INFORMATION SUPPLIED section start
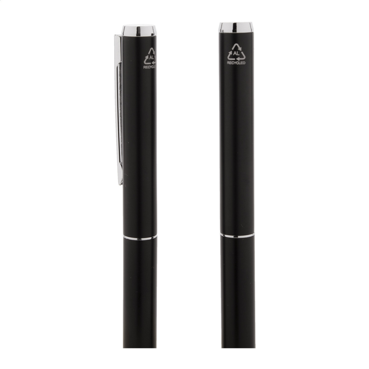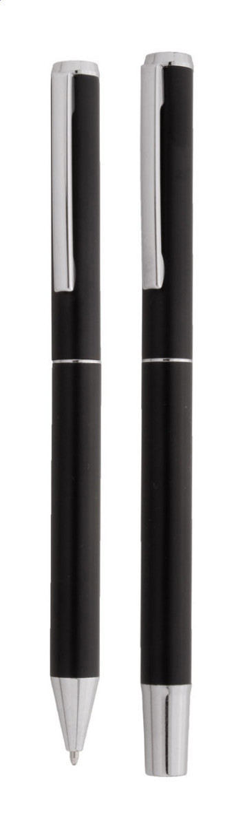 Újrahasznosított alumínium toll szett, golyóstollal és roller tollal. Fekete ajándékdobozban, kék tollbetéttel szállítjuk.
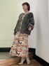 個性的なジャンパースカートはよく見ると荒野を走る馬が描かれています! ジャガード生地と馬柄がビンテージっぽくこなれ感をプラスしてくれます。 大人っぽい落ち着いた色味のカーディガンを合わせてカジュアルなコーディネートにしました! ウッドヒールを使用したブーツを合わせれば、足元までオシャレに♡
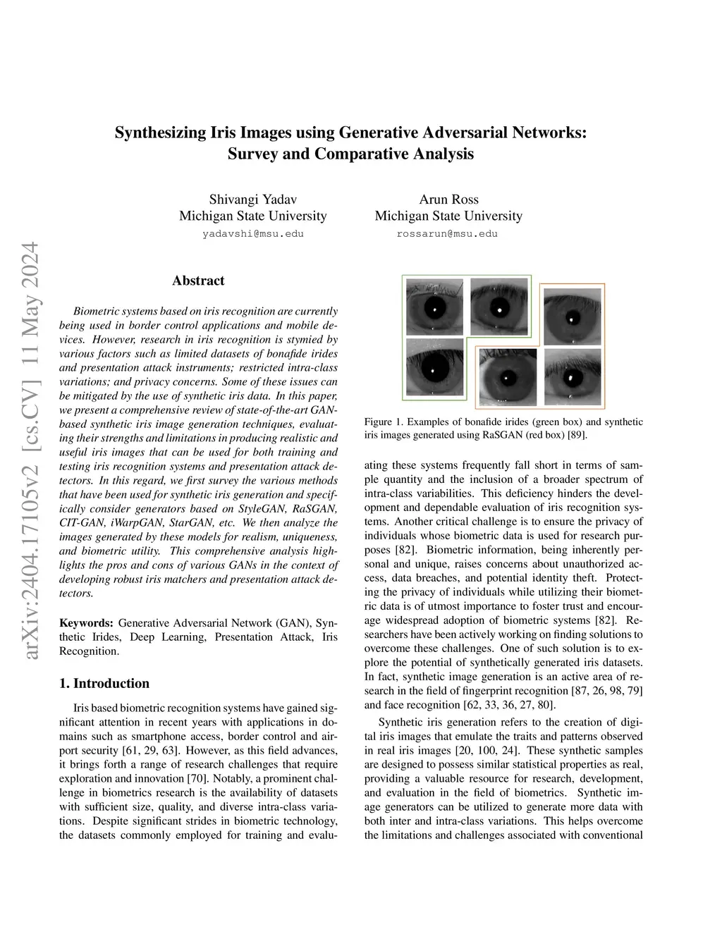 Synthesizing Iris Images using Generative Adversarial Networks: Survey
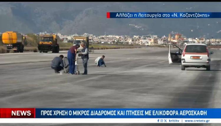 Ξεκινούν αύριο και για μια εβδομάδα προγραμματισμένες εργασίες συντήρησης στον κεντρικό διάδρομο προσγειώσεων και απογειώσεων του αεροδρομίου «Νίκος Καζαντζάκης». Οι πτήσεις θα εξυπηρετούνται με περιορισμένο ωράριο και μόνο με ελικοφόρα αεροσκάφη από τον μικρό διάδρομο. Η πλήρης λειτουργία του αεροδρομίου αναμένεται να αποκατασταθεί το πρωί της Δευτέρας 26 Ιανουαρίου.
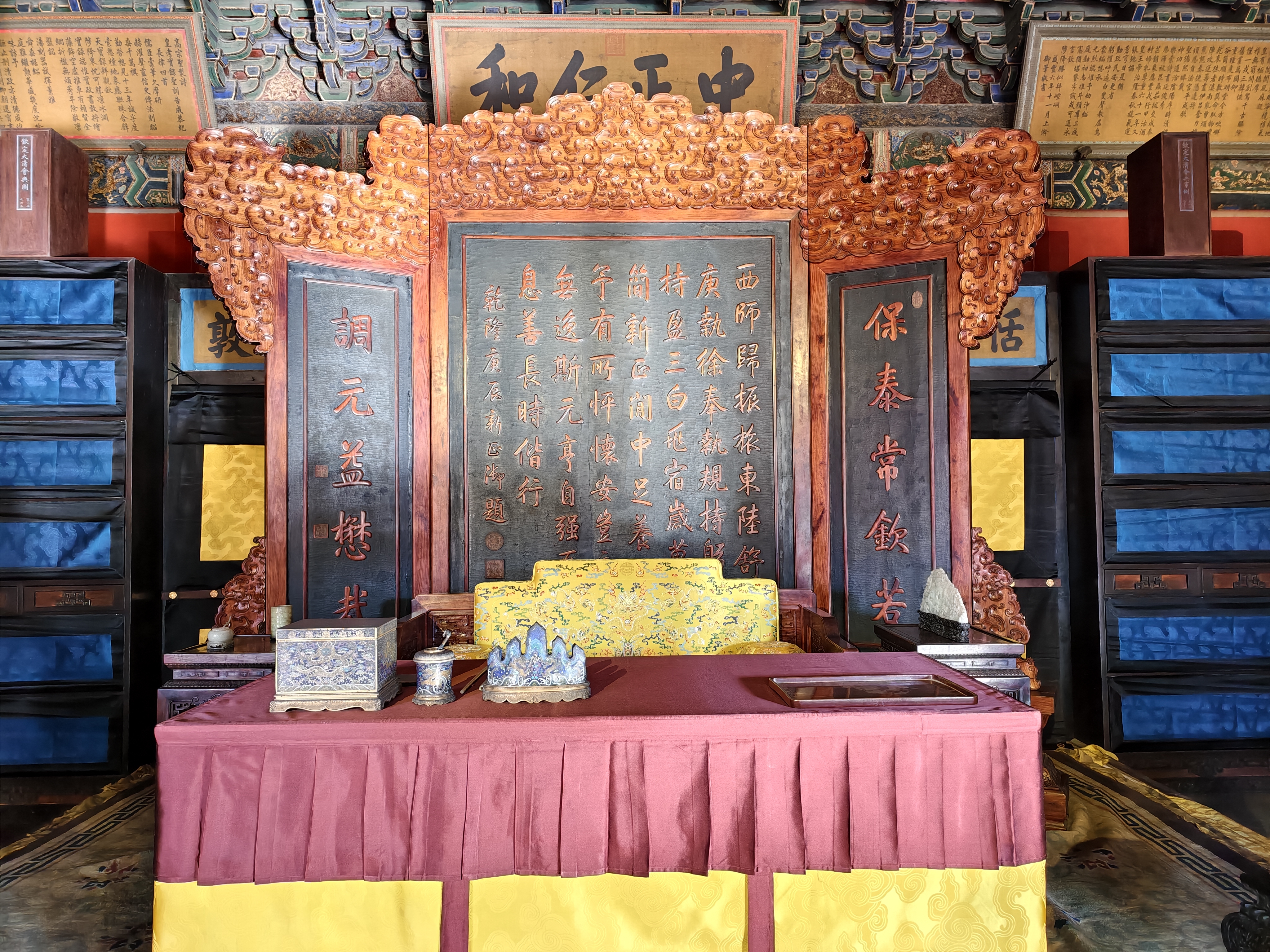 原状陈列遵循历史原貌。养心殿室内正殿宝座上方悬挂雍正御笔“中正仁和”匾,西暖阁“勤政亲贤”匾额下的楹联恢复如初,三希堂内则按记载还原了乾隆时期的陈列场景。
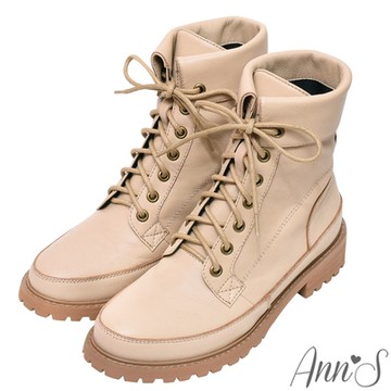 Ann’S近乎平底卻很顯瘦-真皮綁帶軍靴短靴5cm-米白
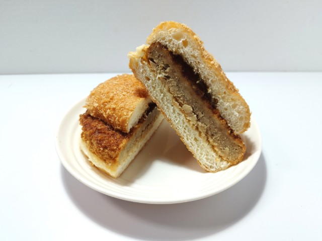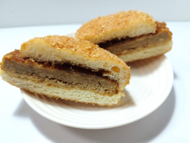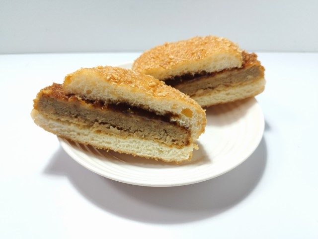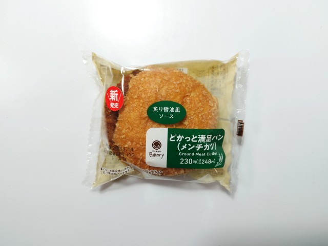 メンチカツを挟んだ惣菜パンです。以前に同じような商品で、お肉たっぷりメンチカツ揚げバーガー(2024年11月19日発売)がありましたが、今回はどかっと満足パンとしてサイズアップしています。そんなどかっと満足パンですが、パン生地はサクッとまではいかないまでも、見た目以上に軽い食感で油のしつこさもありません。メンチカツは、肉の旨味とジューシーな味わいがあって、美味しいのひと言です。ポイントは炙り醤油風ソースで、醤油の風味とさっぱりとした味わいで、メンチカツの美味しさをさらに引き立てています。大きさは普通の惣菜パンくらいで、小腹が空いた時や主食にあと一品追加したい時にピッタリです。ぜひどかっと満足パンを食べてみて下さい。
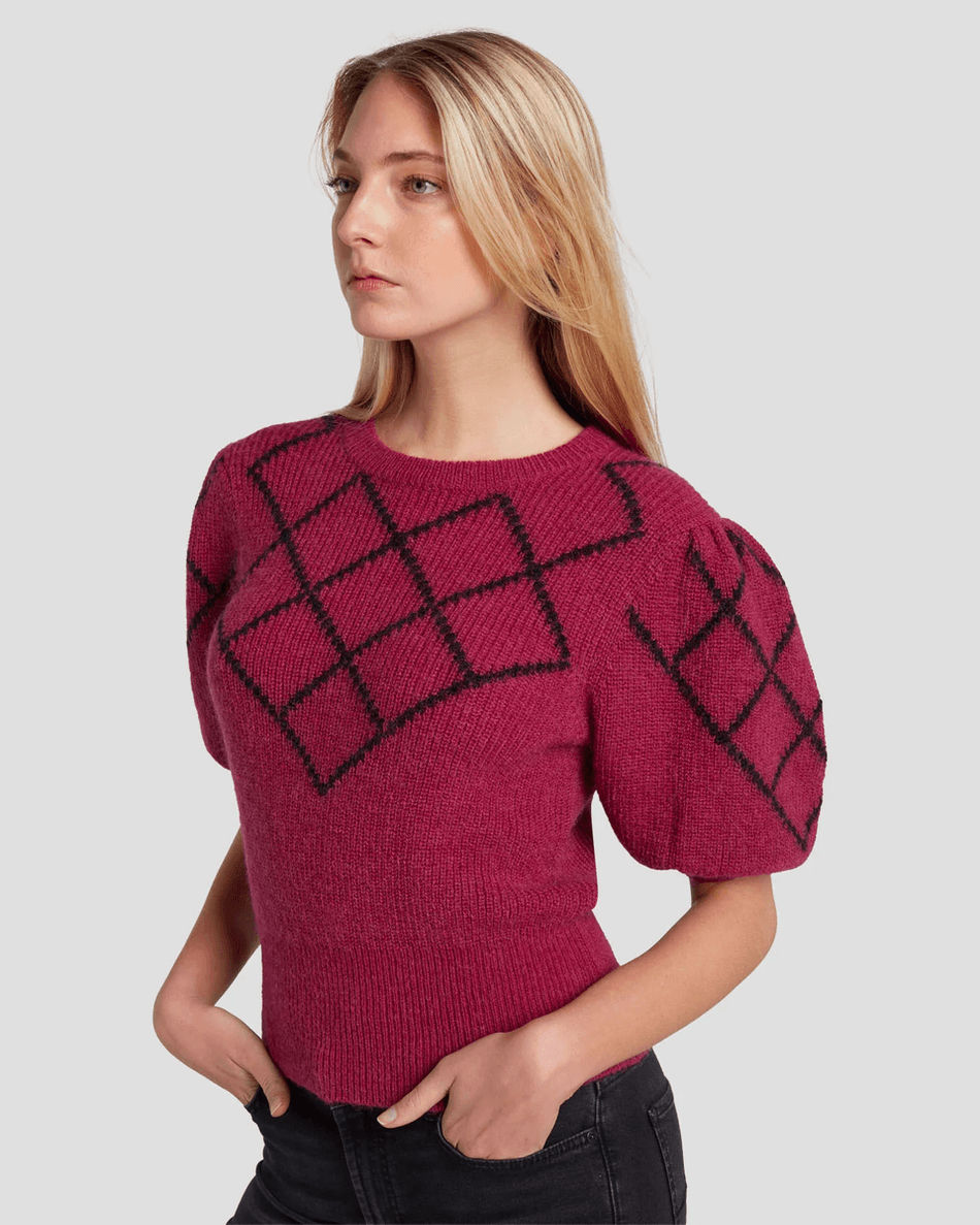 Don't miss out on adding the 7 For All Mankind Puff Diamond Sweater in Raspberry to your collection. Shop now and experience the perfect blend of comfort and chic style!
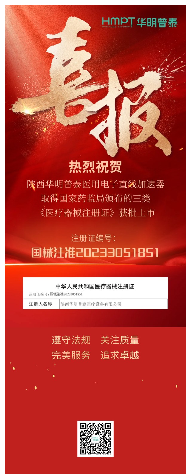 喜報(bào):陜西華明普泰醫(yī)用電子直線加速器獲批上市
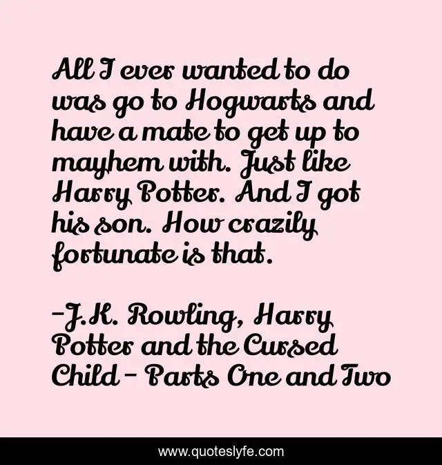 This page presents the quote "All I ever wanted to do was go to Hogwarts and have a mate to get up to mayhem with. Just like Harry Potter. And I got his son. How crazily fortunate is that.". Author of this quote is J.K. Rowling, Harry Potter and the Cursed Child - Parts One and Two. .
INFORMATION SUPPLIED section end
▸ DIRECTIONS FOR THIS TASK:
Transcribe, word for word, the line holding "Don't miss out" and all lines after it in the entries above, ending with the last. Only those lines; no pictures.

▸ TASK OUTPUT:
 Don't miss out on adding the 7 For All Mankind Puff Diamond Sweater in Raspberry to your collection. Shop now and experience the perfect blend of comfort and chic style!
 喜報(bào):陜西華明普泰醫(yī)用電子直線加速器獲批上市
 This page presents the quote "All I ever wanted to do was go to Hogwarts and have a mate to get up to mayhem with. Just like Harry Potter. And I got his son. How crazily fortunate is that.". Author of this quote is J.K. Rowling, Harry Potter and the Cursed Child - Parts One and Two. .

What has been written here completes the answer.